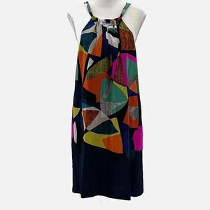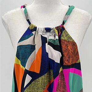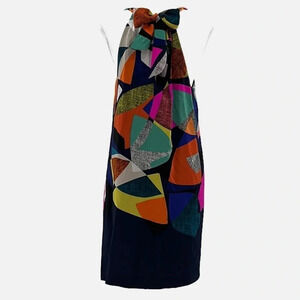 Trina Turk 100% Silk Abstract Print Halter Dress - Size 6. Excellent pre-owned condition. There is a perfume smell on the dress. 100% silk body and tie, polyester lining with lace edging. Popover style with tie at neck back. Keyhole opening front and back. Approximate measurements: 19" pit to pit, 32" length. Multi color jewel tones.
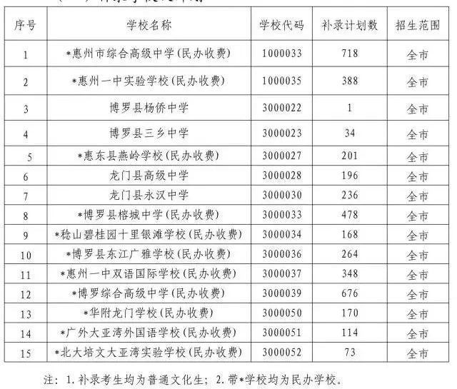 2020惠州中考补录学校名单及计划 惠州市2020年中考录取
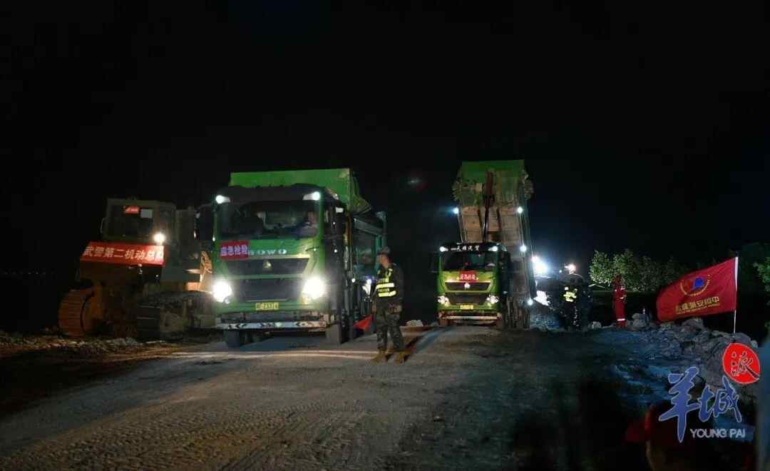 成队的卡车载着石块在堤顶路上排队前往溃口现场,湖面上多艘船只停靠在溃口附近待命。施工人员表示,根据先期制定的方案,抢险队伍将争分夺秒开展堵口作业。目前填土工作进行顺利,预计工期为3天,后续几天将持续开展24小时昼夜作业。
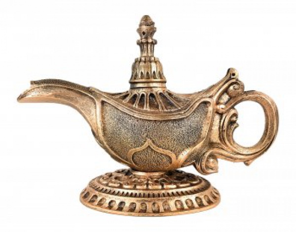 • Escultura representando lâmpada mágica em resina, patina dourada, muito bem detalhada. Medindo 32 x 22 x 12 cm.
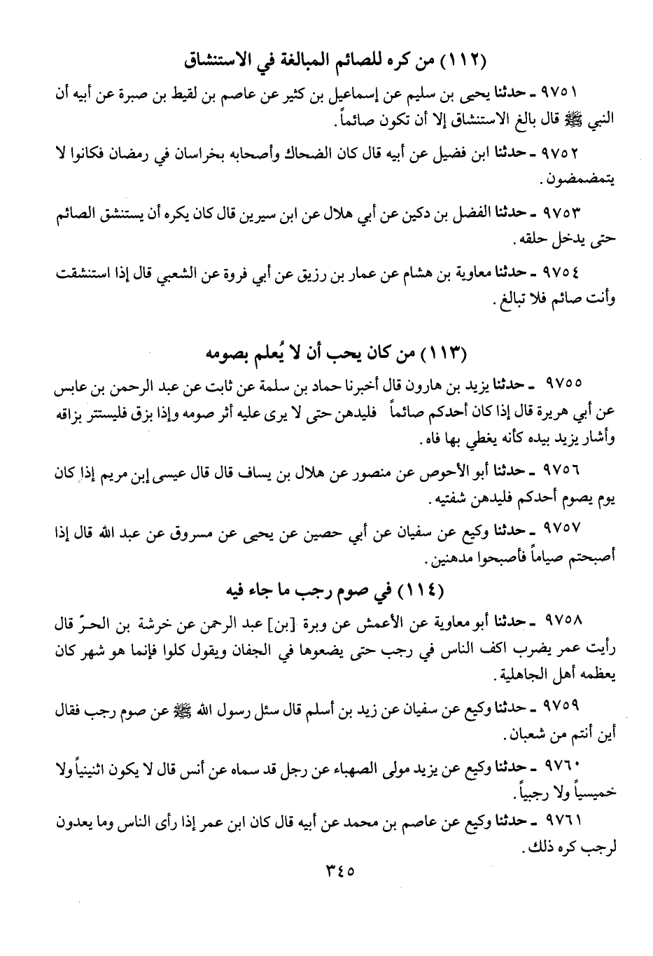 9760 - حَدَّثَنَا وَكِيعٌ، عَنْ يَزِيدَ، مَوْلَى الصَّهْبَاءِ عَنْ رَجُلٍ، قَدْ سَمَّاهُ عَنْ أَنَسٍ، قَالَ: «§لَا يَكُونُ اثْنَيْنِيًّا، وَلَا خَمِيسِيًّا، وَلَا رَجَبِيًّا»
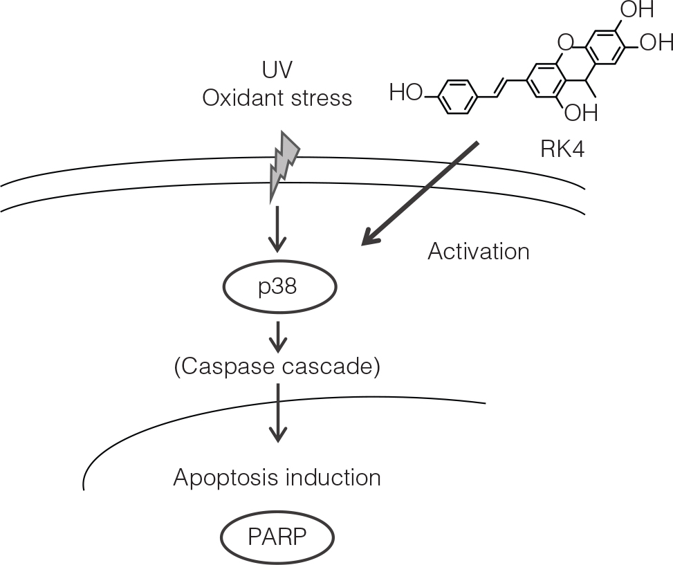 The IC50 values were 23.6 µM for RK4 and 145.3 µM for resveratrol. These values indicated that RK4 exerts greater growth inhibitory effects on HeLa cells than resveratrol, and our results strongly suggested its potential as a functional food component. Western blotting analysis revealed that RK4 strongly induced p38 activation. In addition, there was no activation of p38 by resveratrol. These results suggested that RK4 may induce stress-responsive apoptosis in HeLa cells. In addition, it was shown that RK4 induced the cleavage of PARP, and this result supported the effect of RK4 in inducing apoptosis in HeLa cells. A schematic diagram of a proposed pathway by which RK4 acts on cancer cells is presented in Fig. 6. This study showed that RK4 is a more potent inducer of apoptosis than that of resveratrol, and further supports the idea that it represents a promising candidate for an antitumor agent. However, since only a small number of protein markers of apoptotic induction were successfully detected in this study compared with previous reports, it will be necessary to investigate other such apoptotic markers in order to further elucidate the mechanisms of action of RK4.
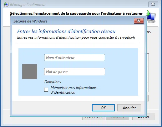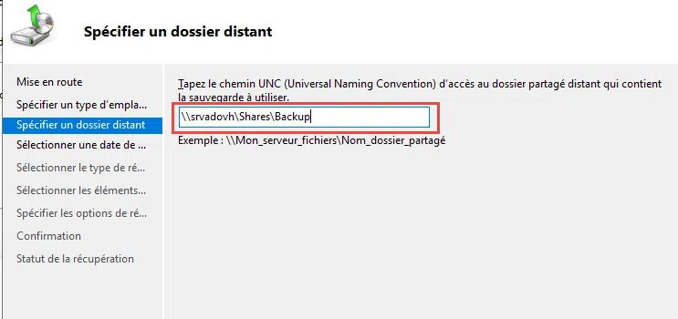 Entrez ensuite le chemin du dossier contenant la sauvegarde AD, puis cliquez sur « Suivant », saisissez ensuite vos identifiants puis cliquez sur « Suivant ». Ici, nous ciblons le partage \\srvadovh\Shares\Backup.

---------------

- [DIRECTIONS]: Using the entries above, reproduce word for word only the lines from the one that contains "22 x 12 cm." to the one that contains "9760 - حَدَّثَنَا", both ends included, and drop every picture.

- [OUTPUT BELOW]:
 • Escultura representando lâmpada mágica em resina, patina dourada, muito bem detalhada. Medindo 32 x 22 x 12 cm.
 9760 - حَدَّثَنَا وَكِيعٌ، عَنْ يَزِيدَ، مَوْلَى الصَّهْبَاءِ عَنْ رَجُلٍ، قَدْ سَمَّاهُ عَنْ أَنَسٍ، قَالَ: «§لَا يَكُونُ اثْنَيْنِيًّا، وَلَا خَمِيسِيًّا، وَلَا رَجَبِيًّا»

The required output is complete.